- [Required action]
Pictures are to be left out, and only the lines from the one containing "FRIDAYIN - 18k" through the last line of the data are to be returned exactly.

Data records:

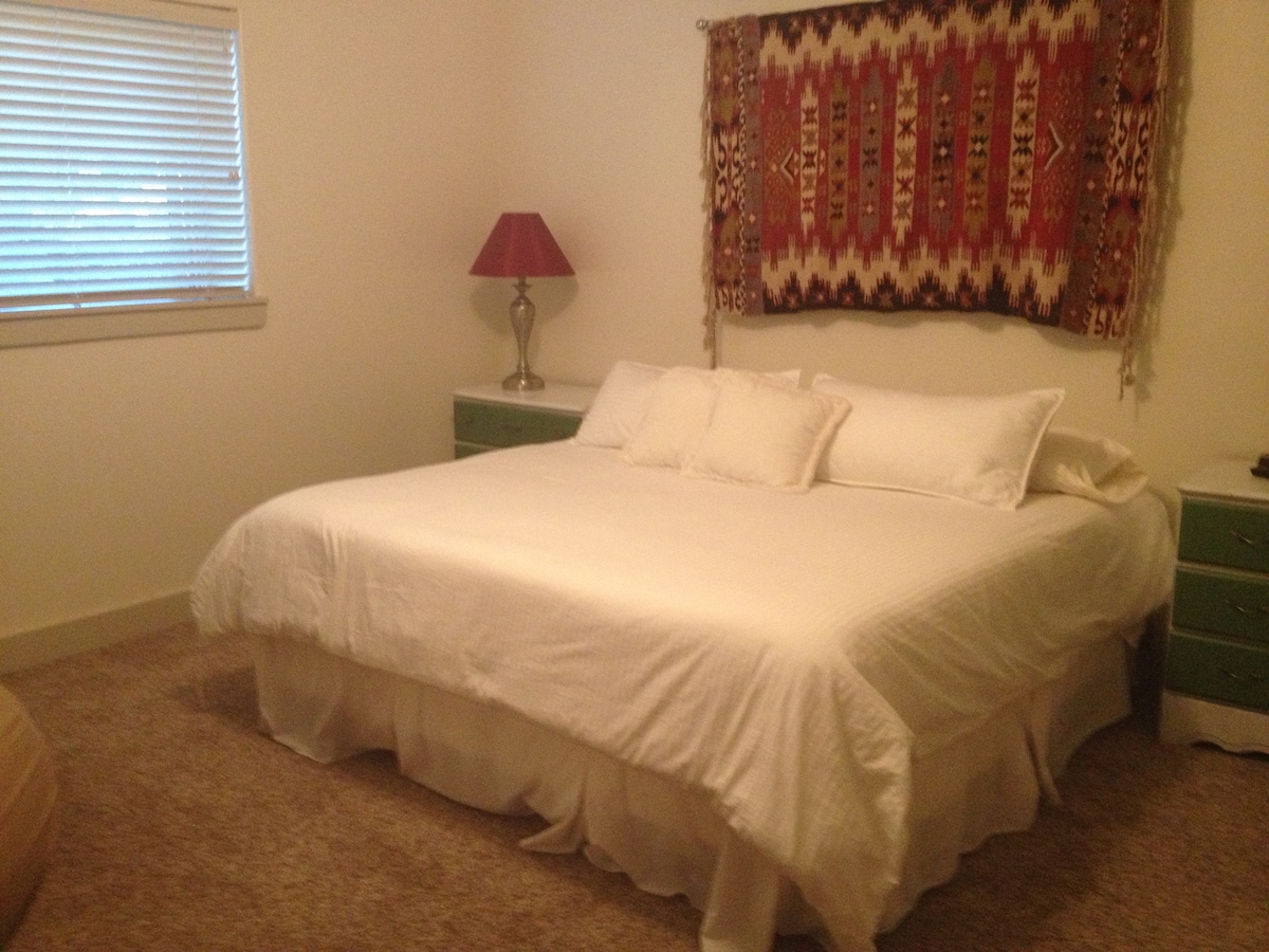 Ez a foglalás elképesztő! Tetszeni fog! Ez az emeleti szoba egy lakosztály! Van egy franciaágy, 6 láb kerti kád és külön zuhanyzó. Télen helyiségfűtő berendezéssel, valamint kis munkaasztallal és székkel rendelkezik. Saját mosógéppel, szárítóval és mini hűtővel rendelkezik, kis asztallal és két székkel a Walk-in-Closet-ben. A reggeli egyszerű és kényelmes, gabonapehely, kenyér, gyümölcs, mandulatej, joghurt, krémsajt. Csak ott van, ha kell. A hátsó udvarban is van egy kellemes piknikezőhely.
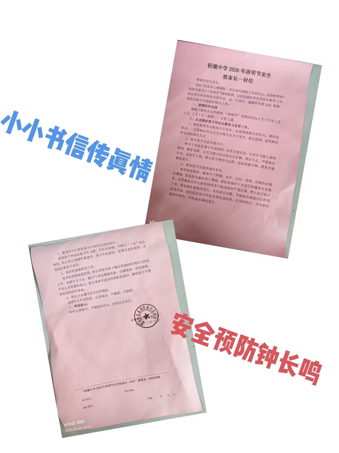 为筑牢家校安全共育防线,学校专门发放《清明节假期安全倡议书》,通过班级微信群、家长群反复推送安全提醒,明确家长在假期中的监护主体责任,呼吁家长全程关注孩子的出行、祭扫及日常活动,配合学校做好安全监管,携手为孩子打造安全的假期环境。
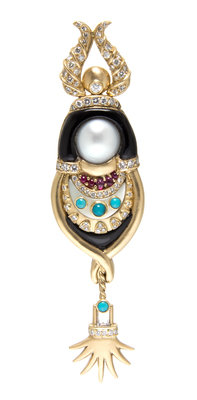 in a stylized Egyptian motif, containing one mabe pearl measuring approximately 13.25 mm, four round cabochon cut turquoise measuring approximately 3.20-3.70 mm, five round cabochon cut rubies weighing approximately 0.40 carat total, two cut onyx plaques, one crescent shape mother of pearl plaque, one rectangular step cut diamond weighing approximately 0.85 carat and numerous round brilliant cut diamonds weighing approximately 1.60 carats total.
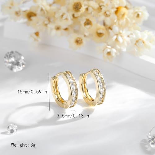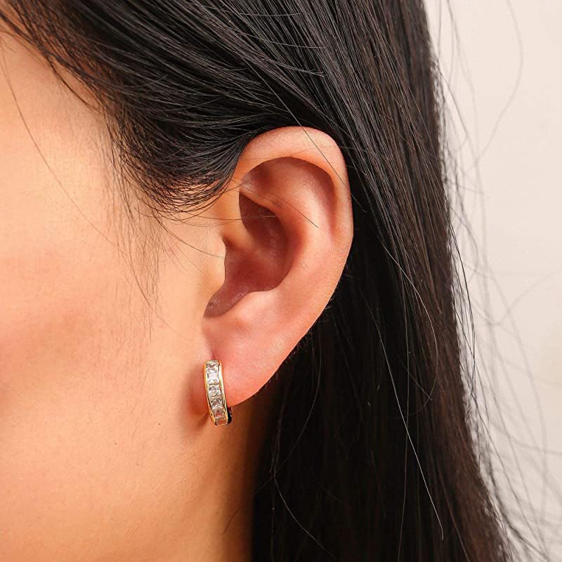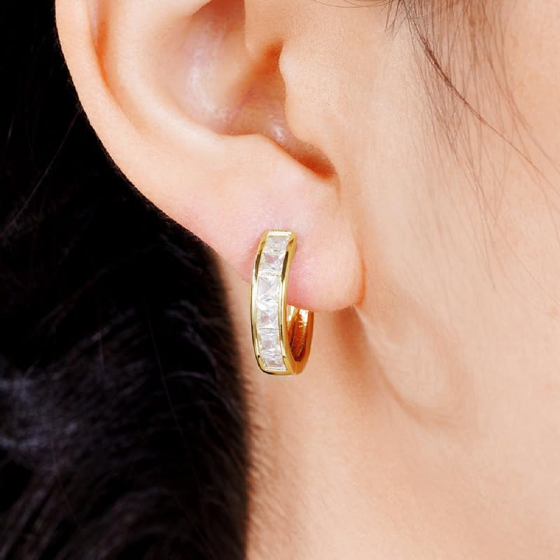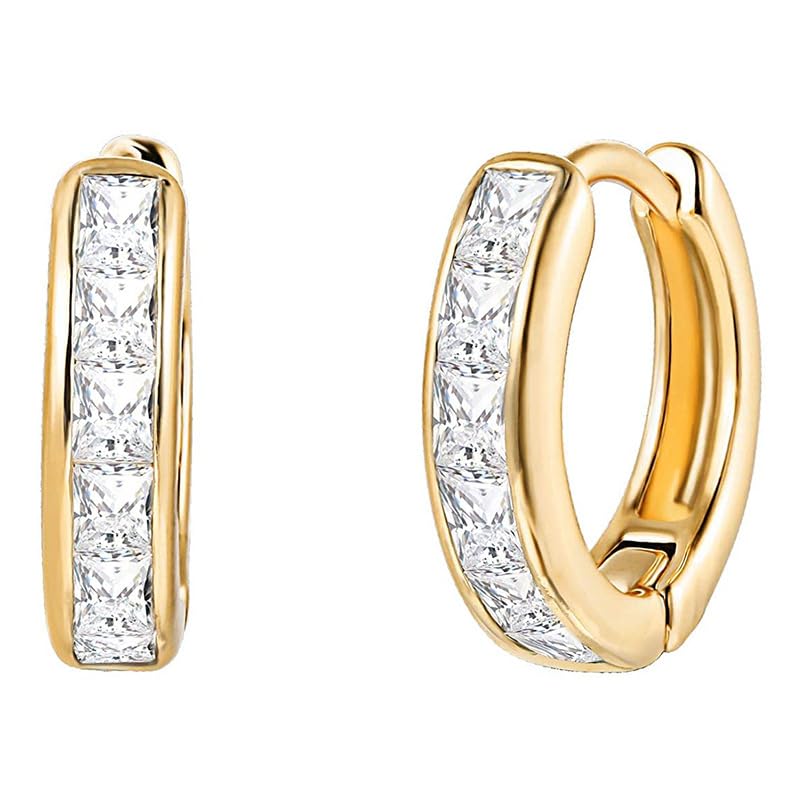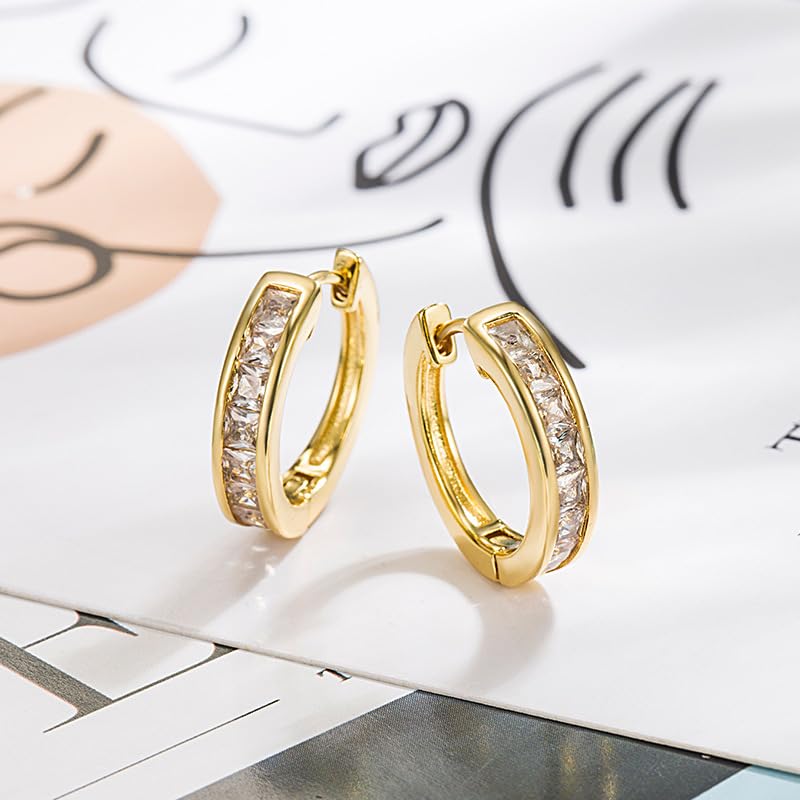 FRIDAYIN - 18k Gold Plated Crystal Hoop Earrings with Rhinestones, Beautiful Cubic Zirconia Huggie Cuff Small Hoops Earring
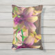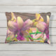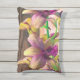 このアクセント枕の上でゾーピーのオリジナル写真の庭で蘭が再び咲いている。湾曲した緑の茎から現れる花は、花びらの先端に黄色に溶け込む紫色の中心を持つ。自然な木の背景は、彫刻の形状と色を設定する。
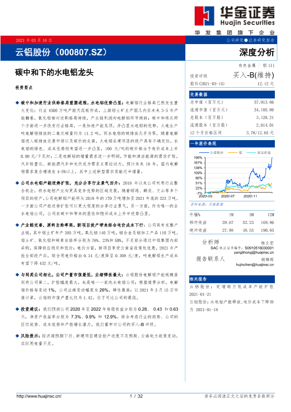 【华金证券】【20210316】碳中和下的水电铝龙头-32页
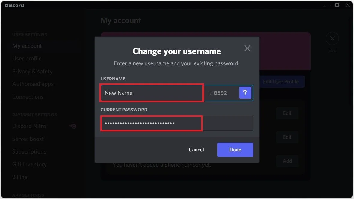 In the dialogue box, enter your new username. If you wish to change your name tag, you will need to subscribe to a Discord Nitro subscription. Below, enter your current account password to apply your changes.
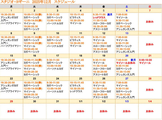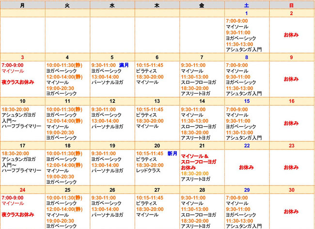 ※木曜日がムーンデーにあたる日は、マイソールクラスはお休みになります。
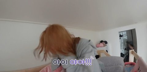 ㅋㅋㅋㅋㅋㅋㅋㅋㅋㅋㅋㅋㅋㅋ윤경인가? 2층에서 자는 멤버들은 다 일어나면서 머리 박고 내려옴ㅋㅋㅋ
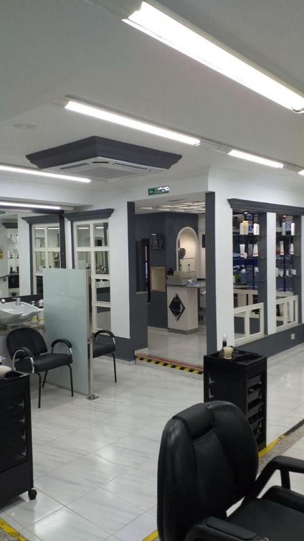 Aire Acondicionado de 7.000 Frigorias. Año y medio de uso. Luces del Techo con fluorescentes LED. Mostrador de Recepción de Granito. Techo luz Recepción y entrada Local de Madera lacada y Cristales. Escapar de hierro y cristal 1.800€
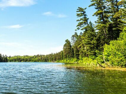 Following this path towards a lake,
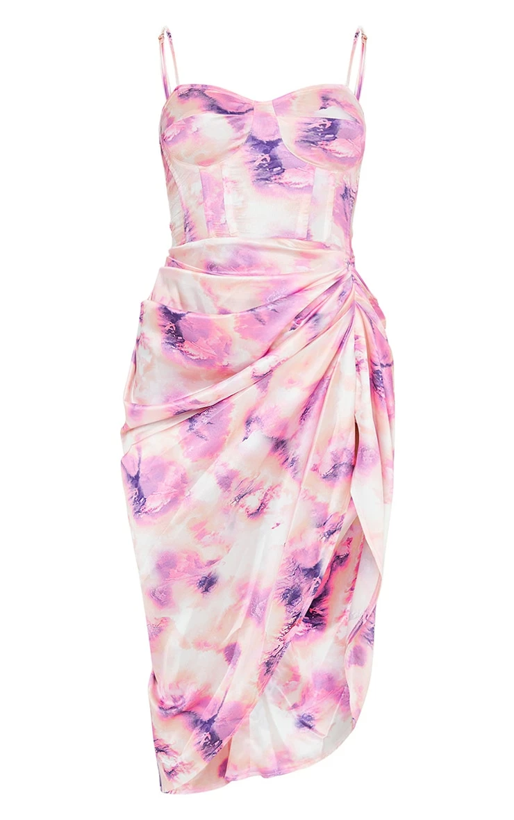 This dress is sure to steal all the stares doll. Featuring a lilac tie-dye print satin material with corset detail and a ruched midi skirt. We love this teamed with mules and a clutch bag for a statement look.
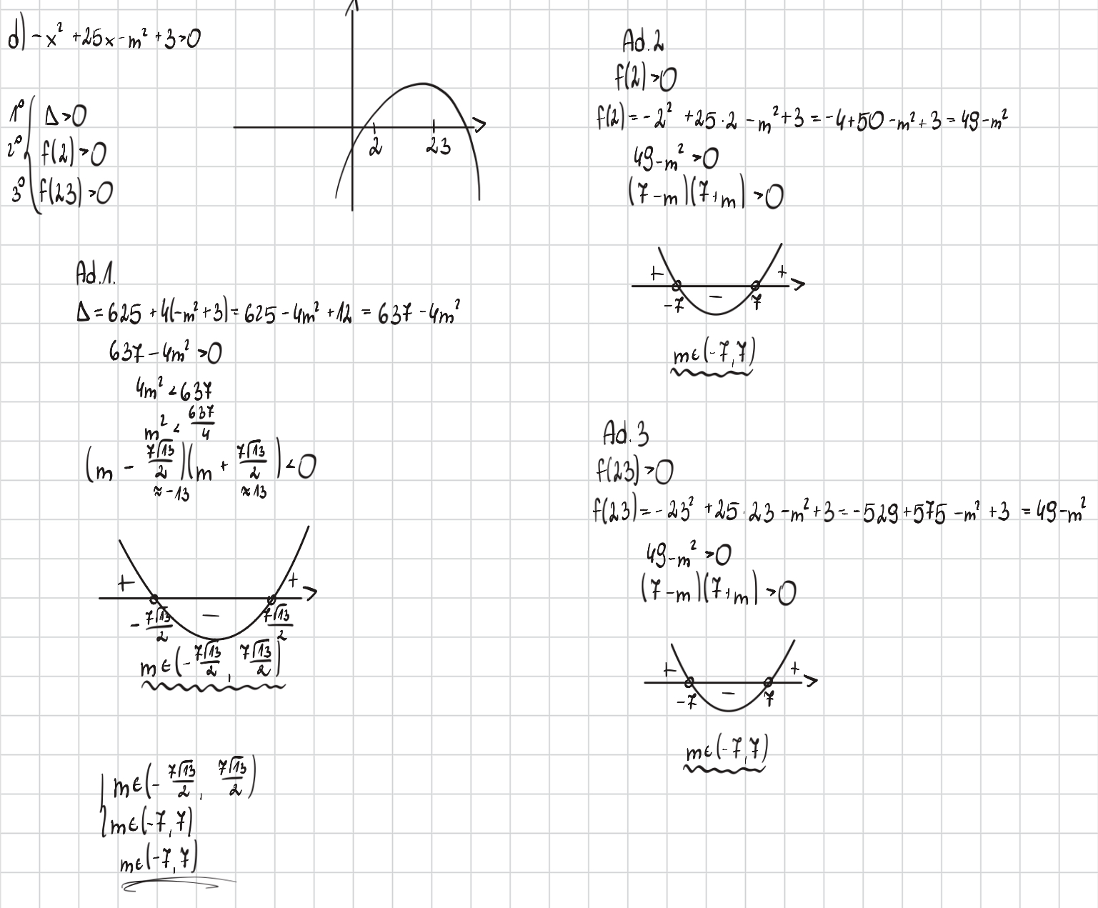 Jak sobie zapiszesz warunki 2. I 3. Nie jako nierówności ale jako równania to wtedy będzie git. Bo 2 i 23 s miejscami zerowymi tylko nie wchodzą w przedział no bo one są na 0 a przedział jest >0

- [The completed task]
 FRIDAYIN - 18k Gold Plated Crystal Hoop Earrings with Rhinestones, Beautiful Cubic Zirconia Huggie Cuff Small Hoops Earring
 このアクセント枕の上でゾーピーのオリジナル写真の庭で蘭が再び咲いている。湾曲した緑の茎から現れる花は、花びらの先端に黄色に溶け込む紫色の中心を持つ。自然な木の背景は、彫刻の形状と色を設定する。
 【华金证券】【20210316】碳中和下的水电铝龙头-32页
 In the dialogue box, enter your new username. If you wish to change your name tag, you will need to subscribe to a Discord Nitro subscription. Below, enter your current account password to apply your changes.
 ※木曜日がムーンデーにあたる日は、マイソールクラスはお休みになります。
 ㅋㅋㅋㅋㅋㅋㅋㅋㅋㅋㅋㅋㅋㅋ윤경인가? 2층에서 자는 멤버들은 다 일어나면서 머리 박고 내려옴ㅋㅋㅋ
 Aire Acondicionado de 7.000 Frigorias. Año y medio de uso. Luces del Techo con fluorescentes LED. Mostrador de Recepción de Granito. Techo luz Recepción y entrada Local de Madera lacada y Cristales. Escapar de hierro y cristal 1.800€
 Following this path towards a lake,
 This dress is sure to steal all the stares doll. Featuring a lilac tie-dye print satin material with corset detail and a ruched midi skirt. We love this teamed with mules and a clutch bag for a statement look.
 Jak sobie zapiszesz warunki 2. I 3. Nie jako nierówności ale jako równania to wtedy będzie git. Bo 2 i 23 s miejscami zerowymi tylko nie wchodzą w przedział no bo one są na 0 a przedział jest >0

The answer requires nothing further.